YOUR OBJECTIVE: Would you return every entry below exactly as written, without its images?

EXERCISE DATA:
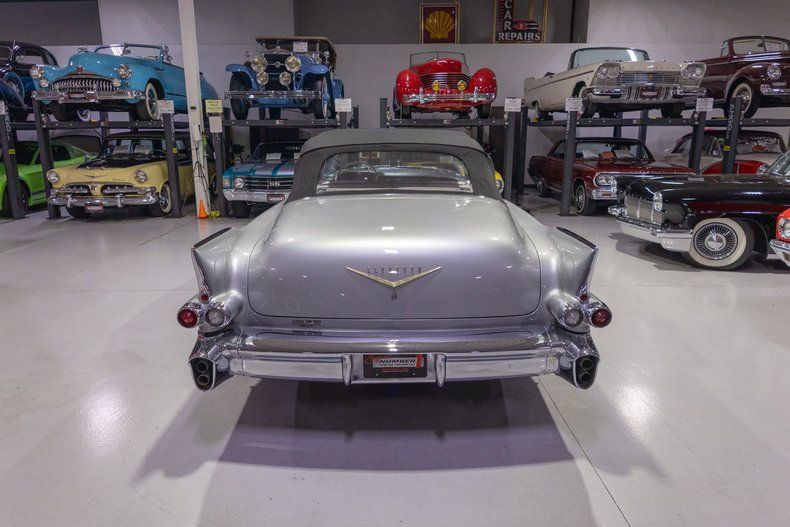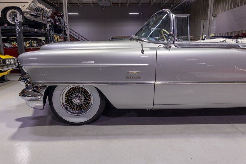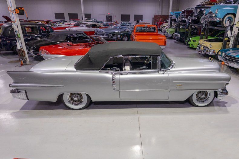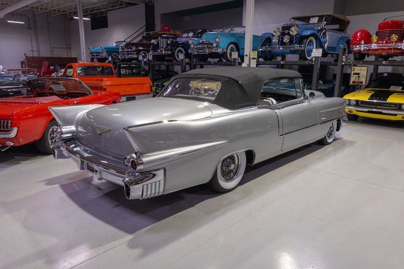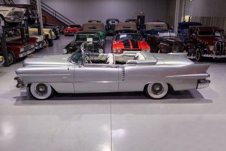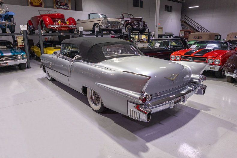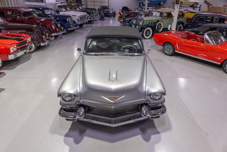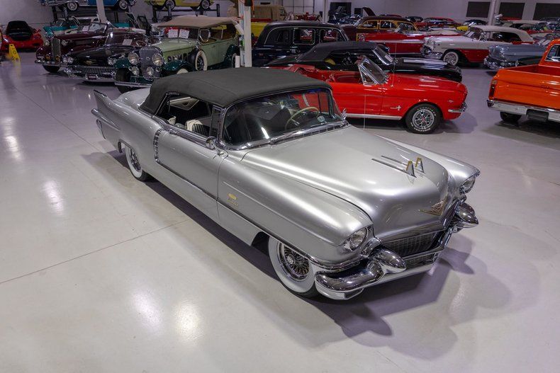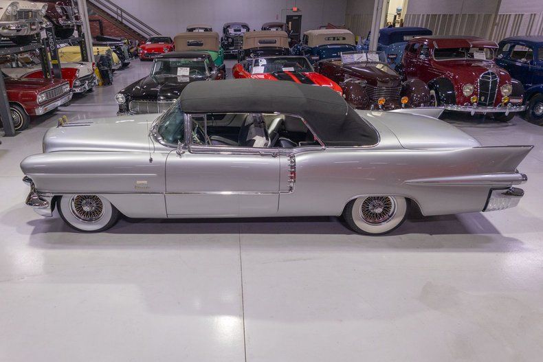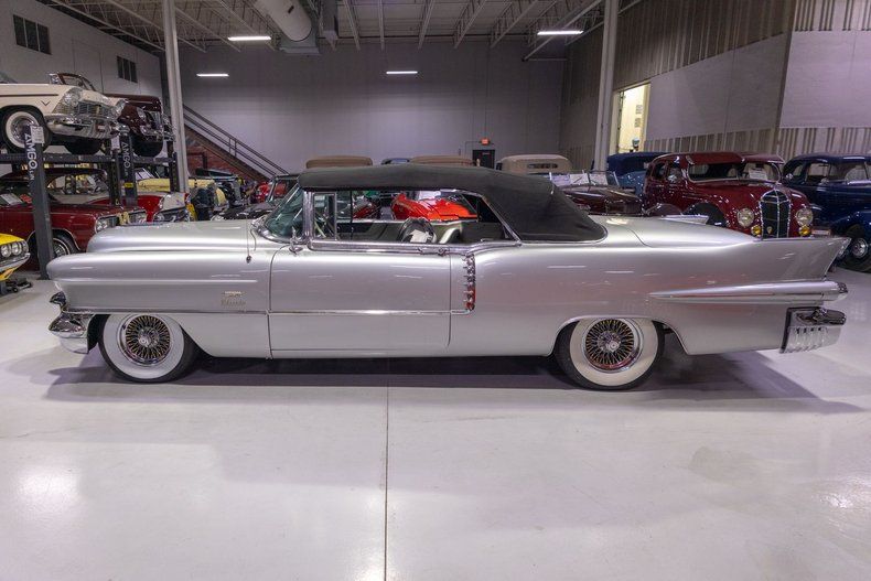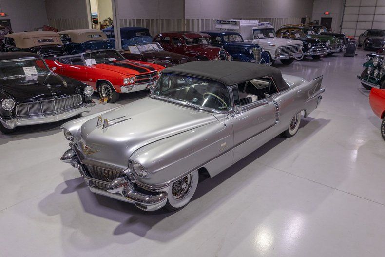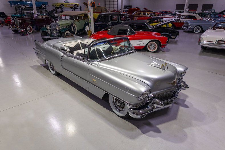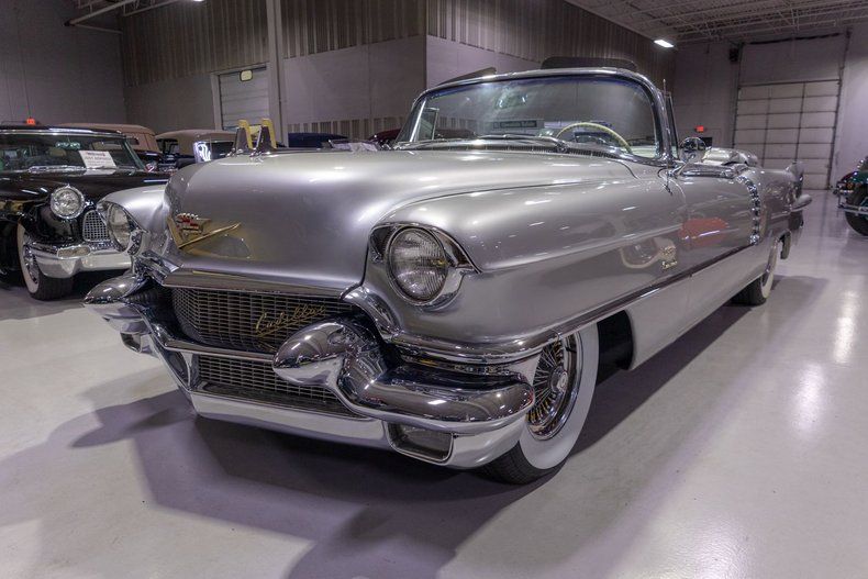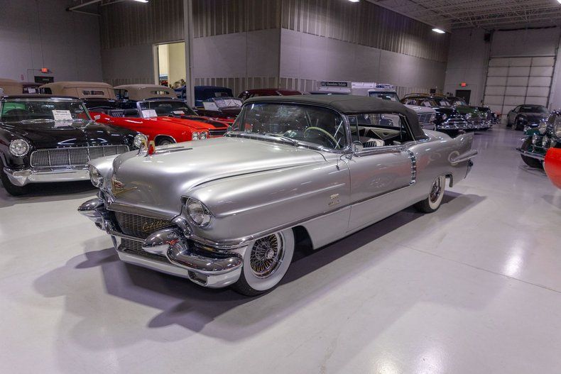This 1956 Cadillac Eldorado Biarritz Convertible is a gorgeous, luxurious, and correctly restored 50s cruiser that is ready to be your next luxury cruiser! In the middle of 1953, Cadillac introduced the Eldorado Convertible as its addition to General Motors' Motorama convertible display that also included the Buick Skylark and Oldsmobile Fiesta. Interestingly, and contrary to common practice with regards to most show cars, the Eldorado was actually placed into production on the heels of the Motorama display and was available for purchase in 1953. Initially produced in very limited quantities, the first Eldorados were touted as being the absolute best and most luxurious Cadillac had to offer. Over the next few years, the Eldorado cemented itself atop Cadillac's model hierarchy and was considered by many as the ultimate status symbol among high society. The 1956 model year was an incredible, record-setting year for Cadillac with the GM marque selling over 150,000 units for the first time in its storied history. The reasons behind Cadillac's massive year of sales in '56 is twofold. First of all, Cadillac was the undisputed leader in its high-end luxury market with its primary competitors at the time, Packard, Imperial, and Lincoln, all struggling. Both Lincoln and Imperial just weren't garnering the same attention as Cadillac, and Packard was in dire financial straits and on its last legs as a company. Second, Cadillac's product offerings were bounds and leaps above the competition from the impeccable styling to the technological advancements often included by Cadillac as standard equipment. Although the 1956 Cadillacs were, for the most part, left unchanged from a design perspective from the previous year, the modest design improvements that were updated in '56 allowed the 1956 Cadillac to remain unmistakably iconic. 1956 was also notable for its top-of-the-line Eldorado product line as its was the first time since the Eldorado's introduction that Cadillac offered the Eldorado in both closed and open car configurations, known as the Eldorado Seville and Eldorado Biarritz respectively. Described by Cadillac as having an "even more impressive strength, dignity and grace," the refined front ends of the 1956 Cadillacs are exactly that. With flatter hoods and front fenders, along with an impressive amount of chrome and a new-look grille design featured an updated fine crosshatched texture along with a new, unmistakable "Cadillac" script insignia, the nose of the 1956 Cadillac is one of the most beautiful American-made cars of all time. Further elevating the already incredibly elegant design of the 1956 Cadillac, the 1956 Eldorado models received special pointed rear fender fins that were larger than Cadillac's more entry-level models, that along with special Eldorado twin hood ornaments, differentiated Eldorado above all other Cadillacs. The Eldorado's interior was also even more plush and more fully featured than the lower level Cadillacs, but perhaps the biggest upgrade was found under the hood with the more potent dual quad 305 horsepower engine that was standard Eldorado equipment and only available as an upgrade in Cadillac's Series 75 limousine line. In total, a mere 2,150 Eldorado Biarritz Convertibles were produced in 1956, which makes this particular example quite a rare car. Powering this 1956 Eldorado Convertible is a Numbers Matching 365 cubic inch V8 topped by dual 4 barrel carburetors that are mounted underneath the iconic "Batwing" air cleaner assembly; together they were said to have generated a whopping 305 horsepower when new. The dual quad 365 V8 is mated to a Hydra-Matic Automatic Transmission that makes this '56 Cadillac an easy convertible for anybody to drive. Exhaust exits the 305hp Cadillac power plant via a dual exhaust setup that generates a terrific throaty sound and makes for the perfect soundtrack during summer cruising. Being that this convertible is a Cadillac, it unsurprisingly comes loaded with luxurious options! With power steering, maneuvering into a tight parking space at the local golf course or car show is a total breeze and can be accomplished with a single hand. Further aiding with parking efforts are a pair of chrome outside mirrors that greatly improve sight lines when parking or even when changing lanes. Power brakes are another welcome feature on this '56 Eldorado Biarritz since stopping is much easier which is especially important when driving this nearly 5,000 pound luxury cruiser. The black Haartz cloth power convertible top is in wonderful shape as well and it goes up and down with the simple flick of a switch. Additionally, when the convertible top is in the lowered position, it tucks neatly below the included (and rarely seen) parade boot. Riding on a set of chrome wire wheels, each mounted with wide whitewall radial tires, this '56 Eldorado has a great look and even better ride. The body of this 1956 Eldorado Biarritz has been correctly refinished in Starlight Silver paint that completes the exterior look of this fantastic automobile. The interior of this 1956 Cadillac Eldorado Biarritz Convertible is incredibly luxurious! The front and rear seats have been refurbished and sport correct White and Black leather upholstery. The matching two-tone door panels, black carpeting with integrated floor protectors, black padded dash, and steering wheel all appear to be in wonderful shape as well and retain a nice stock appearance. The interior is also particularly well-featured including power windows as well as a power front seat, both of which are great options for a classic 50s cruiser. The instrument cluster remains in its stock configuration complete with a 120 MPH speedometer, temperature gauge, and fuel gauge. The stainless trimmed dash is finished off with a push-button signal seeking AM radio, clock, locking glovebox, driver's and passenger's ash receivers, as well as various other controls for this classic Cadillac. Whether you're buying your 
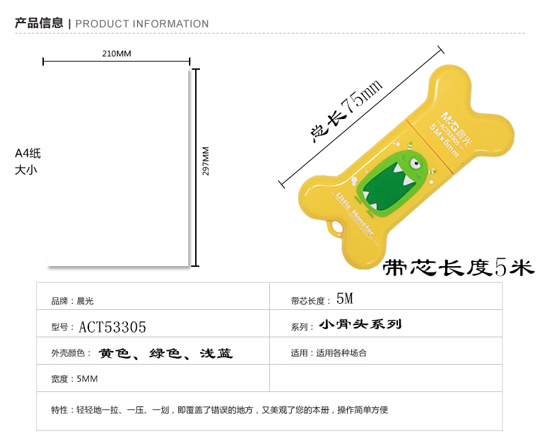 商品名称:晨光 ACT53305 修正带白5m 12个/盒
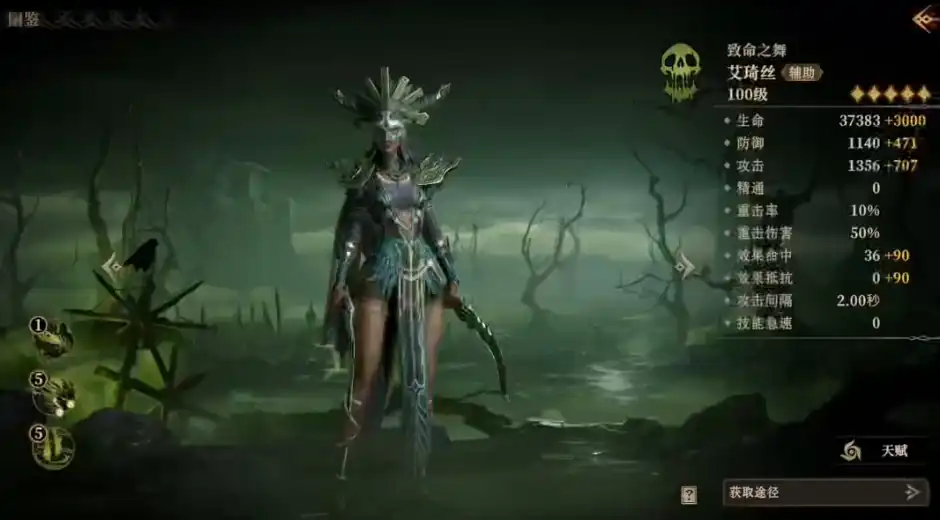 艾琦丝,这位操控毒素与魅惑的高手,其被动技能极为实用,每当她成功对敌人施加减益状态时,便能额外使该目标所受伤害降低10%,而她的战技能够对范围内的敌人造成高达280%攻击力的毒素伤害,并且有75%的几率施加5秒的禁疗效果,让敌人在中毒的同时无法得到治疗,当艾琦丝开启大招时,更是能对范围内的敌人造成毁灭性的打击,她的大招不仅能造成550%的毒伤,还有35%的几率施加5秒的魅惑效果,使敌人陷入混乱,转而攻击自己的队友,同时还有85%的几率施加10秒的充能速度降低状态。
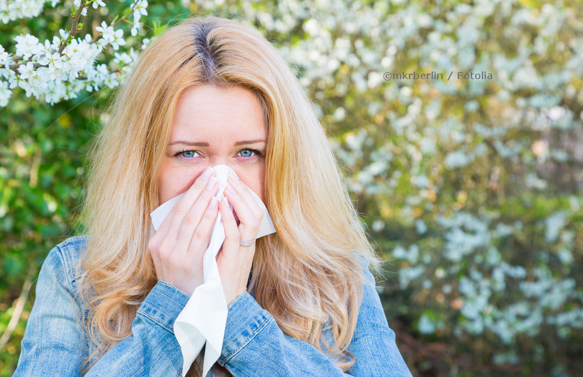 Eine blonde Frau, die im Freien steht und ein Taschentuch an ihre Nase hält, als ob sie niest oder sich die Nase putzt. Im Hintergrund sind blühende Bäume zu sehen.
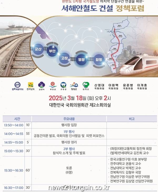 [뉴스21통신전북취재팀] 전북특별자치도 고창군은 서해안철도 건설의 필요성과 당위성을 논의하는 ‘서해안철도 건설 정책포럼’이 오는 3월18일 오후 2시 국회의원회관 제1소회의실에서 열린다고 14일 밝혔다.
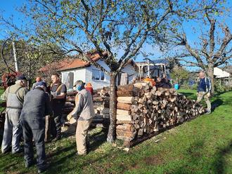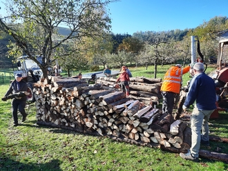 Am vergangenen Samstag herrschte bei schönem Herbstwetter reger Betrieb auf der schönen Streuobstwiese des Obst- und Gartenbauvereins Bann im Tälchen. Denn die Vorstandschaft hatte zu einer Holzaktion aufgerufen, um das gelieferte Polterholz zu schneiden und aufzuhocken, damit für die nächste Zeit das Vereinsheim geheizt werden kann. Innerhalb von 2 ½ Stunden wurden fast 10 Festmeter Holz in 1m-Stücke zersägt und fachmännisch gelagert und abgedeckt. Als kleines Dankeschön für die saubere Arbeit der anwesenden Mitglieder gab es gegrillten Rollbraten, der von Franz Gros schmackhaft zubereitet wurde. In gemütlicher Runde saß man um das Grillfeuer und genoss den Duft des Bratens. Pünktlich zur Mittagszeit waren die knusprigen Rollbraten gar und mit Kartoffelsalat und Fassbier schmeckte alles hervorragend. (ge)

SOLUTION BELOW:
This 1956 Cadillac Eldorado Biarritz Convertible is a gorgeous, luxurious, and correctly restored 50s cruiser that is ready to be your next luxury cruiser! In the middle of 1953, Cadillac introduced the Eldorado Convertible as its addition to General Motors' Motorama convertible display that also included the Buick Skylark and Oldsmobile Fiesta. Interestingly, and contrary to common practice with regards to most show cars, the Eldorado was actually placed into production on the heels of the Motorama display and was available for purchase in 1953. Initially produced in very limited quantities, the first Eldorados were touted as being the absolute best and most luxurious Cadillac had to offer. Over the next few years, the Eldorado cemented itself atop Cadillac's model hierarchy and was considered by many as the ultimate status symbol among high society. The 1956 model year was an incredible, record-setting year for Cadillac with the GM marque selling over 150,000 units for the first time in its storied history. The reasons behind Cadillac's massive year of sales in '56 is twofold. First of all, Cadillac was the undisputed leader in its high-end luxury market with its primary competitors at the time, Packard, Imperial, and Lincoln, all struggling. Both Lincoln and Imperial just weren't garnering the same attention as Cadillac, and Packard was in dire financial straits and on its last legs as a company. Second, Cadillac's product offerings were bounds and leaps above the competition from the impeccable styling to the technological advancements often included by Cadillac as standard equipment. Although the 1956 Cadillacs were, for the most part, left unchanged from a design perspective from the previous year, the modest design improvements that were updated in '56 allowed the 1956 Cadillac to remain unmistakably iconic. 1956 was also notable for its top-of-the-line Eldorado product line as its was the first time since the Eldorado's introduction that Cadillac offered the Eldorado in both closed and open car configurations, known as the Eldorado Seville and Eldorado Biarritz respectively. Described by Cadillac as having an "even more impressive strength, dignity and grace," the refined front ends of the 1956 Cadillacs are exactly that. With flatter hoods and front fenders, along with an impressive amount of chrome and a new-look grille design featured an updated fine crosshatched texture along with a new, unmistakable "Cadillac" script insignia, the nose of the 1956 Cadillac is one of the most beautiful American-made cars of all time. Further elevating the already incredibly elegant design of the 1956 Cadillac, the 1956 Eldorado models received special pointed rear fender fins that were larger than Cadillac's more entry-level models, that along with special Eldorado twin hood ornaments, differentiated Eldorado above all other Cadillacs. The Eldorado's interior was also even more plush and more fully featured than the lower level Cadillacs, but perhaps the biggest upgrade was found under the hood with the more potent dual quad 305 horsepower engine that was standard Eldorado equipment and only available as an upgrade in Cadillac's Series 75 limousine line. In total, a mere 2,150 Eldorado Biarritz Convertibles were produced in 1956, which makes this particular example quite a rare car. Powering this 1956 Eldorado Convertible is a Numbers Matching 365 cubic inch V8 topped by dual 4 barrel carburetors that are mounted underneath the iconic "Batwing" air cleaner assembly; together they were said to have generated a whopping 305 horsepower when new. The dual quad 365 V8 is mated to a Hydra-Matic Automatic Transmission that makes this '56 Cadillac an easy convertible for anybody to drive. Exhaust exits the 305hp Cadillac power plant via a dual exhaust setup that generates a terrific throaty sound and makes for the perfect soundtrack during summer cruising. Being that this convertible is a Cadillac, it unsurprisingly comes loaded with luxurious options! With power steering, maneuvering into a tight parking space at the local golf course or car show is a total breeze and can be accomplished with a single hand. Further aiding with parking efforts are a pair of chrome outside mirrors that greatly improve sight lines when parking or even when changing lanes. Power brakes are another welcome feature on this '56 Eldorado Biarritz since stopping is much easier which is especially important when driving this nearly 5,000 pound luxury cruiser. The black Haartz cloth power convertible top is in wonderful shape as well and it goes up and down with the simple flick of a switch. Additionally, when the convertible top is in the lowered position, it tucks neatly below the included (and rarely seen) parade boot. Riding on a set of chrome wire wheels, each mounted with wide whitewall radial tires, this '56 Eldorado has a great look and even better ride. The body of this 1956 Eldorado Biarritz has been correctly refinished in Starlight Silver paint that completes the exterior look of this fantastic automobile. The interior of this 1956 Cadillac Eldorado Biarritz Convertible is incredibly luxurious! The front and rear seats have been refurbished and sport correct White and Black leather upholstery. The matching two-tone door panels, black carpeting with integrated floor protectors, black padded dash, and steering wheel all appear to be in wonderful shape as well and retain a nice stock appearance. The interior is also particularly well-featured including power windows as well as a power front seat, both of which are great options for a classic 50s cruiser. The instrument cluster remains in its stock configuration complete with a 120 MPH speedometer, temperature gauge, and fuel gauge. The stainless trimmed dash is finished off with a push-button signal seeking AM radio, clock, locking glovebox, driver's and passenger's ash receivers, as well as various other controls for this classic Cadillac. Whether you're buying your 
 商品名称:晨光 ACT53305 修正带白5m 12个/盒
 艾琦丝,这位操控毒素与魅惑的高手,其被动技能极为实用,每当她成功对敌人施加减益状态时,便能额外使该目标所受伤害降低10%,而她的战技能够对范围内的敌人造成高达280%攻击力的毒素伤害,并且有75%的几率施加5秒的禁疗效果,让敌人在中毒的同时无法得到治疗,当艾琦丝开启大招时,更是能对范围内的敌人造成毁灭性的打击,她的大招不仅能造成550%的毒伤,还有35%的几率施加5秒的魅惑效果,使敌人陷入混乱,转而攻击自己的队友,同时还有85%的几率施加10秒的充能速度降低状态。
 Eine blonde Frau, die im Freien steht und ein Taschentuch an ihre Nase hält, als ob sie niest oder sich die Nase putzt. Im Hintergrund sind blühende Bäume zu sehen.
 [뉴스21통신전북취재팀] 전북특별자치도 고창군은 서해안철도 건설의 필요성과 당위성을 논의하는 ‘서해안철도 건설 정책포럼’이 오는 3월18일 오후 2시 국회의원회관 제1소회의실에서 열린다고 14일 밝혔다.
 Am vergangenen Samstag herrschte bei schönem Herbstwetter reger Betrieb auf der schönen Streuobstwiese des Obst- und Gartenbauvereins Bann im Tälchen. Denn die Vorstandschaft hatte zu einer Holzaktion aufgerufen, um das gelieferte Polterholz zu schneiden und aufzuhocken, damit für die nächste Zeit das Vereinsheim geheizt werden kann. Innerhalb von 2 ½ Stunden wurden fast 10 Festmeter Holz in 1m-Stücke zersägt und fachmännisch gelagert und abgedeckt. Als kleines Dankeschön für die saubere Arbeit der anwesenden Mitglieder gab es gegrillten Rollbraten, der von Franz Gros schmackhaft zubereitet wurde. In gemütlicher Runde saß man um das Grillfeuer und genoss den Duft des Bratens. Pünktlich zur Mittagszeit waren die knusprigen Rollbraten gar und mit Kartoffelsalat und Fassbier schmeckte alles hervorragend. (ge)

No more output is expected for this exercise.